The Goldberg Variations is a masterpiece without consensus - in terms of what it is, who should play it and how it should be heard.

There are no hidden enigmas, and next to no questions about what J.S. Bach actually put on paper. The essence of the Goldberg Variations is right there in front of you. So much is there, but so much is not, creating all kinds of loopholes. Bach asks that every passage be played twice. Was he serious? The answer can make the difference between 40 and 80 minutes in duration. Given the variety of instruments that play it - most anything with a keyboard, plus classical guitar, string trio, and, most curiously of all, prepared piano - the sound of the piece can vary radically from one performance to the next. How much does that matter? How well does the piece survive from one instrument to the next? 

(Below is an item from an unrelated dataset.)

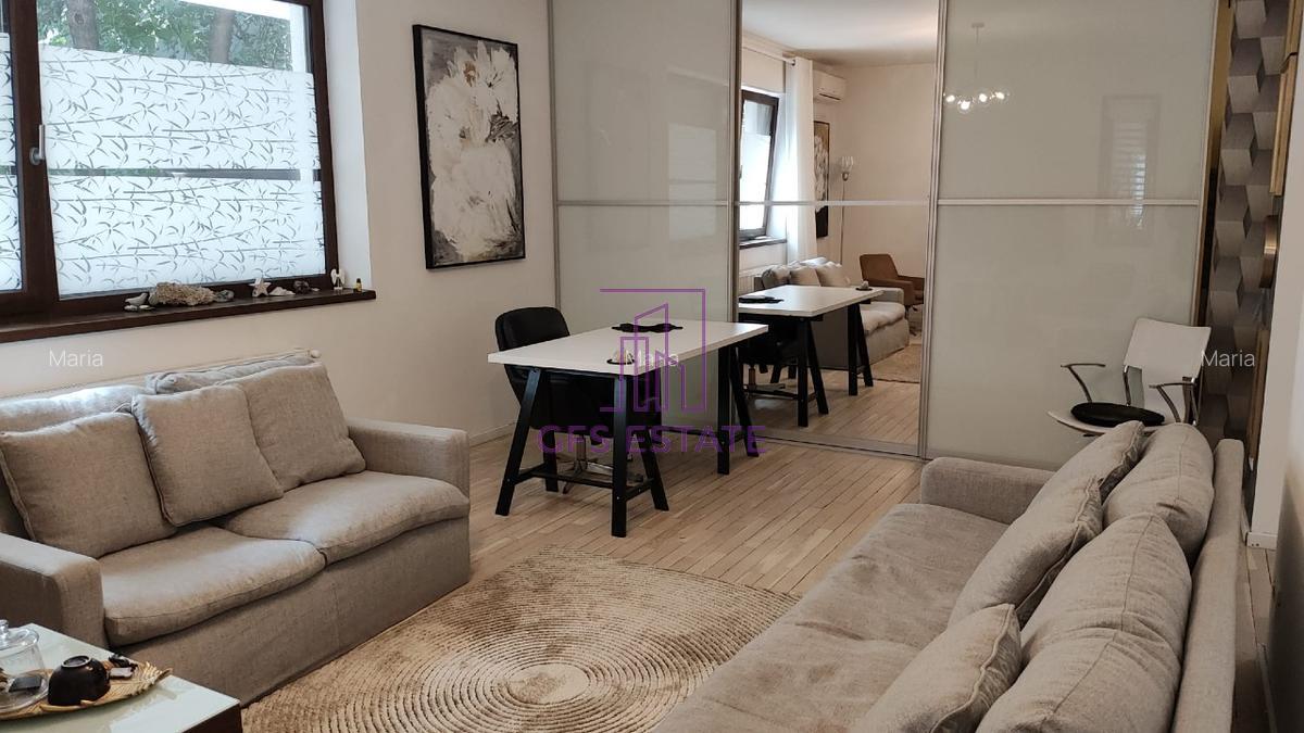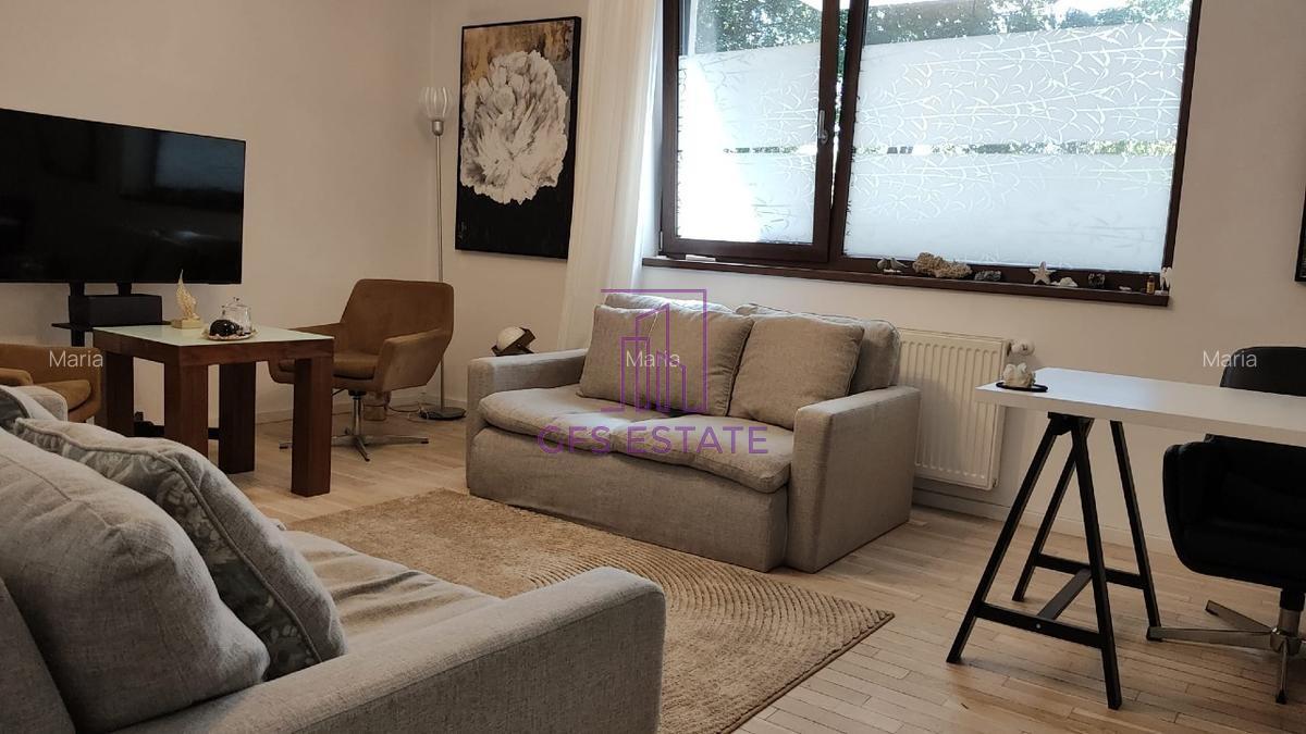 GFS ESTATE ofera spre inchiriere un apartament cu 2 camere, un dormitor, parter / 3, confort I, in bloc apartamente, decomandat, constructie finalizata, 73mp, constr. 2016, supr. utila : 78mp, utilat, mobilat, o baie, o bucatarie, un balcon, masina de spalat vase, centrala proprie, smart TV, posibilitate de loc de parcare

It's getting much love these days - with high-profile recordings on piano by Lang Lang (Deutsche Grammophon) and Pavel Kolesnikov (Hyperion), plus a new version on harp by Parker Ramsay (King's College Cambridge) - and of course each performance speaks differently. Lang Lang treats it almost like a thoughtfully-colored Impressionistic painting. The unabashedly pianistic Igor Levit creates a grand, full-sonority edifice. Kolesnikov's restrained palette and music-box rhythm gives the opening passage a once-upon-a-time quality, in a performance that seems to be whispering in your ear, and in moments of more playful counterpoint, tickling it. Simone Dinnerstein has cornered the market for introspection in Bach: Her Goldberg recording creates parallels between late Bach and late Schubert. Rosalyn Tureck gives the Goldberg Variations the solemnity of religious ritual - second only to the St. Matthew Passion. The only way to kill the Goldberg Variations is through radical improvisation, along the lines of Dan Tepfer's take on the Sunnyside label. First, he shoves Bach into the back seat … and then out the door.